In June, photographs of the painting with a copy of the New York Times dated 30 May were sent to detective Arthur Brand. Also in the photo was the book Meesterdief (Masterthief). He compared this to the theft of two paintings from the Van Gogh Museum, Amsterdam in 2002. Groniger Museum director Andreas Blühm said he was pleased that the painting still existed and believed the photographs were genuine. Since 1988, twenty-eight Van Gogh paintings have been stolen in the Netherlands, but all have been recovered.

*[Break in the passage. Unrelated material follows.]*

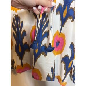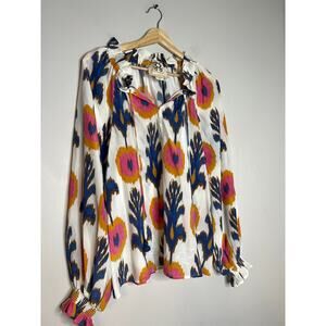 Figue Lianna Ruffled Long Sleeve V-Neck Tassle Blouse Top Flower Parchment. New without that!

In early April 2021, Dutch police arrested a man in Baarn, Utrect in connection with the theft of the painting and also that of the c. 1626 painting Twee Lachende Jongens met een Mok Bier by Frans Hals, which had been stolen from the Hofje van Mevrouw van Aerden, in Leerdam, Utrecht on 26 August 2020. Neither of the paintings had then been recovered. Brand told a reporter that the person in custody probably did not know the location of the works because "stolen artwork was often moved around quickly by criminal gangs". According to unnamed sources, the value of the painting was estimated as "up to £5m" in articles published by Deutsche Welle and The Guardian. On 24 September, the man was convicted of the thefts and sentenced to eight years imprisonment.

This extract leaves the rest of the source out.